Health Information Systems (HIS) provide the bedrock for decision-making and has four key
functions: data generation, compilation, analysis and synthesis, and communication and use. The HIS gathers data from the health sector and other relevant sectors, analyzes the data and ensures their overall relevance, quality, and timeliness, and converts data into information for health-related decision-making. In addition to being essential for monitoring and evaluation, the information system also provides early warning capability, supports patient and health facility management, facilitate planning, supports and stimulates research, permits health situation and trends analysis, supports global reporting, and underpins communication of health challenges to diverse users (WHO, 2009).
To improve the quality of medical care around the globe, efforts are being made to increase the practice of evidence-based medicine through the use of an HIS called Clinical Decision Support Systems (CDSS). Clinical Decision Support provides clinicians, patients, or caregivers with clinical knowledge and patient-specific information to help them reach decisions that enhance patient care (Osheroff, Teich & Middleton, 2011). The patient’s information is matched to a clinical knowledge base, and patient-specific appraisals are then communicated effectively at appropriate times during patient care. Some CDSS include forms and templates for entering and documenting patient information, and alerts, reminders, and order sets for providing suggestions and other support. The use of CDSS comes with many potential benefits. Importantly, CDSS can increase adherence to evidence-based medical knowledge and can reduce unnecessary variation in clinical practice. CDSS can also assist with information management to support the physicians’ decision making abilities, reduce their mental workload, and improve clinical workflows (Karsh et al., 2010). When well designed and implemented, CDSS have prospects that can improve health care quality, and also to increase efficiency and reduce health care costs (Berner, 2010).

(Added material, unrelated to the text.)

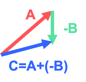 In the same way that A - B is equal to A + (-B), we can take the negative of a vector—a vector of the same magnitude but pointed in the opposite direction—and add it (place it tip-to-tail) with the first vector.
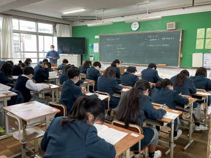 1年生は、国語と数学のジョイントプログラムを実施しました。小学校でも経験しているテストですが、中学校で初めてのテストとあって生徒たちは皆、緊張した面持ちで真剣に取り組んでいました。

Despite the promise of CDSS, there are several barriers that can hinder their development and implementation. Till date, Medical knowledge base is incomplete in part because of insufficient clinical evidence (Englander & Carraccio, 2014). Moreover, methodologies are still being designed to convert the knowledge base into computable code, and interventions for conveying the knowledge to clinicians in a way they can easily use in practice are in the nascent stages of development. Low clinician demand for Clinical Decision Support is another encumbrance to broader CDSS adoption. Clinicians’ lack of motivation to use CDSS appears to be related to usability issues with the Clinical Decision Support intervention, its lack of integration into the clinical workflow, concerns about autonomy, and the legal and ethical implications of adhering to or overriding recommendations made by the CDSS (Berner, 2010). In addition, in many cases, acceptance and use of CDSS are hinged upon the adoption of electronic medical records (EMRs), because EMRs can include Clinical Decision Support applications as part of Computerized Provider Order Entry (CPOE) and electronic prescribing systems.

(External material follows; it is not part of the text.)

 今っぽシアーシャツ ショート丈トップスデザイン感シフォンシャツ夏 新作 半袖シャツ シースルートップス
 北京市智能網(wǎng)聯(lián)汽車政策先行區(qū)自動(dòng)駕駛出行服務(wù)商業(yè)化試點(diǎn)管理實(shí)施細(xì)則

One of the five recommendations made for CDSS in connection with the practice of Evidence-based Medicine was to “develop maintainable technical and methodological foundations for computer-based decision support” (Sim, Gorman & Greenes, 2011). Also, the medical domain is “characterized by much judgmental knowledge”. Consequently, a CDSS that can provide suggestive knowledge representations based on data sets with patient attributes that are synonymous with the attributes of the patient in context is valuable to a medical practitioner. Invariably, there are situations where the number of local samples to draw conclusions from, is none or few. Several current challenges have not been sufficiently addressed during the development of CDSS. From latest research, the lists of challenges include: improvement of the human-computer interface, dissemination of best practices in CDSS design, development, and implementation, creation of an architecture for sharing executable CDSS modules and services, combination of recommendations for patients with co-morbidities, summary of patient-level information, prioritization and filtering of recommendations to the user, prioritization of CDSS content development and implementation, creation of Internet-accessible clinical decision support repositories, usage of free text information to drive clinical decision support, and mining of huge clinical databases to create new CDSS (Kumar & Prabha, 2016).
Psychiatry is one branch of medicine that urgently needs HIS owing to the fact that there are relatively few specialists in that area of medicine (Saha, Chant, Welham, & McGrath, 2015). According to the National Alliance on Mental Illness, mental illnesses are medical conditions that disrupt a person’s clear thinking, feeling, mood, ability to relate to others, decision making ability and daily functioning (NAMI, 2011). Mental illnesses include schizophrenia, depression, bipolar disorder, obsessive-compulsive disorder (OCD), posttraumatic stress disorder (PTSD), borderline personality disorder, anxiety disorder and others. However, schizophrenia involves a relatively higher display of psychotic symptoms than most other mental illnesses (Amin, Agarwal & Beg, 2013).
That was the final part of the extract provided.